Artemisia giraldii is an herbaceous subshrub of Compositae family. It constitutes steppe plant communities found in the forest-steppe subzone and the typical steppe subzone of the southern part of the warm temperate zone in China. The species plays an important role in soil and water conservation in this area. The plant is very common in Loess Plateau and has colonized its loess hill and gully region. This specific habitat is formed by a network of numerous gullies and hilly ridges. Such landform heterogeneity, characterized by high fragmentation, is responsible for redistribution of water and heat resources. We chose this loess hill and gully region, situated in the north-east of Ordos Plateau and north of Loess Plateau, as the study area. Systematic analyses of Artemisia giraldii at individual, population, and community levels were conducted to elucidate its ecological adaptability to the gully habitat and develop strategies for maintaining vegetation structure and sound soil and water conservation practices in this region. Main results of the study are as follows:
1. Geographical distribution of Artemisia giraldii
Artemisia giraldii is generally found in the area between 101°and 116°of eastern longitude and 34°and 41°of northern latitude at the elevation range of 390-2800 m. The main areal of the species is centered on Loess Plateau indicating evolutionary adaptation of Artemisia giraldii to environmental character of this area.
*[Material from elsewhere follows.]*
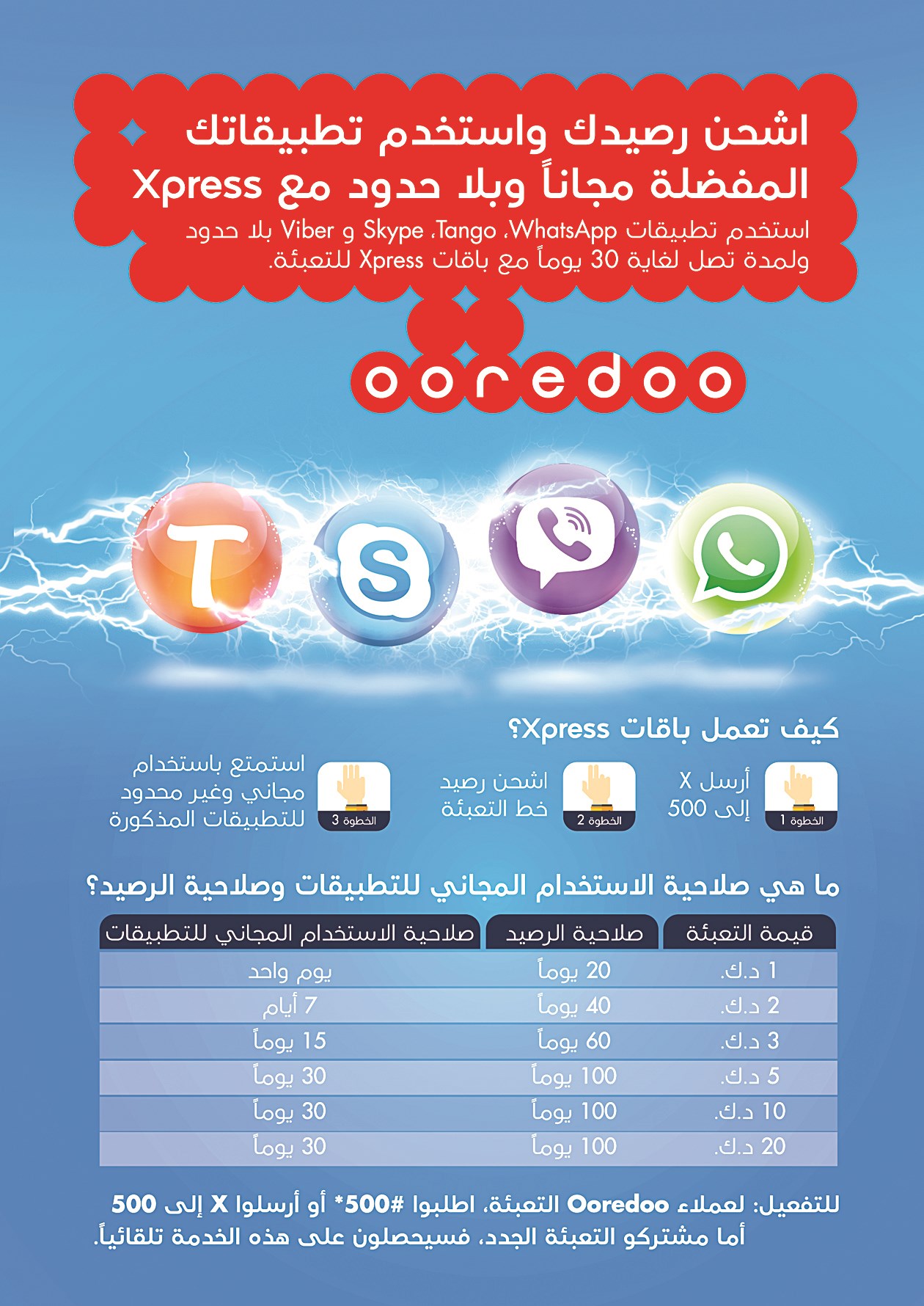 أعلنت شركة «Ooredoo الكويت»، التابعة لمجموعة «Ooredoo العالمية للاتصالات»، عن طرح عرض خاص لعملاء خدمة الدفع المسبق، Xpress، يتيح لهم الاستفادة من أربعة من أكثر تطبيقات الهواتف الذكية استخداماً، وتمنح الخدمة الجديدة عملاء Xpress استخدام المجاني وغير محدود لأربعة من أكثر التطبيقات استخداماً وشيوعاً، وهي WhatsApp وTango وViber، وSkype، ويتم تفعيل هذه الخدمات تلقائياً عند إعادة التعبئة لتبقى سارية لمدة تتراوح ما بين 24 ساعة و30 يوماً، حسب قيمة الرصيد الذي يتم تعبئته.

2. Community structure and habitat characteristics of Artemisia giraldii
(1) We found that the optimal topographic slope for Artemisia giraldii growth was about 30°-50°. Biomass of Artemisia giraldii was substantially lower at localities above or below this value. This finding suggests that Artemisia giraldii has adapted to this gully habitat.
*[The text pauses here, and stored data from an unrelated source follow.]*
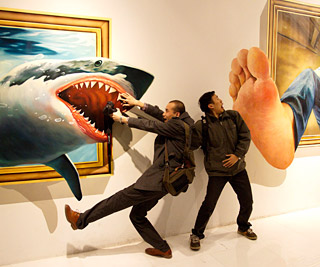 ●天津一家商场12月1日展出了运用视觉错觉原理营造立体效果的“3D立体画”,引来不少市民驻足并拍摄趣味横生、创意十足的照片。(上图)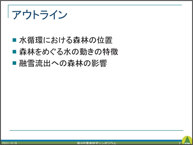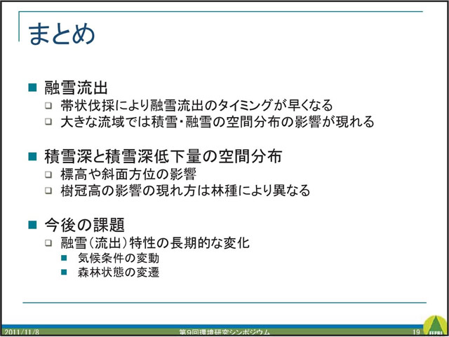 | 発表者:独立行政法人森林総合研究所 水土保全研究領域長坪山 良夫 |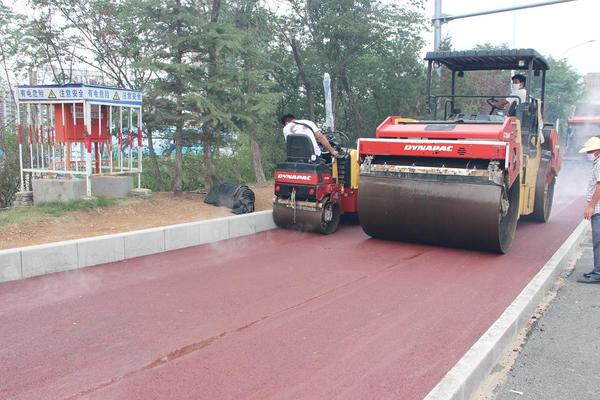 7月11日下午,攤鋪項目部對旅游路工程涵玉翠嶺段北半幅慢車道進行了彩色瀝青的攤鋪施工,本次攤鋪施工在全體項目部人員的團結(jié)協(xié)作下,歷時3小時順利完成。施工過程中質(zhì)檢人員嚴格監(jiān)測平整度和壓實度等質(zhì)量問題,全程質(zhì)檢跟蹤監(jiān)測,嚴把質(zhì)量關(guān)。攤鋪過程中,施工人員根據(jù)彩色瀝青的施工要求,特別注意施工過程的策劃和清潔控制,從出料、運輸、現(xiàn)場施工中的清潔處理都做了詳細的安排和要求,攪拌站工作人員和現(xiàn)場施工人員緊密協(xié)作,圓滿完成了該段彩色瀝青的攤鋪施工。彩色的路面與旅游路周圍的青山綠水相映成趣,仿佛一條彩帶貫穿于青蔥之間,成為一道亮麗的風景。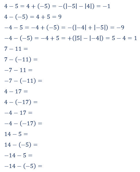Oblicz wg wzoru (najpierw zamień odejmowanie na dodawanie):

(2) Artemisia giraldii formed two major plant communities on slopes of loess gullies. The monodominant community of sunlit slopes has lower coverage, lower species richness, and smaller average biomass of 13.88 g·m-2. Shaded slopes are occupied by a community co-dominated with Poa sphondylodes. It is characterized by higher coverage, higher species richness, and larger average biomass (36.55 g·m-2).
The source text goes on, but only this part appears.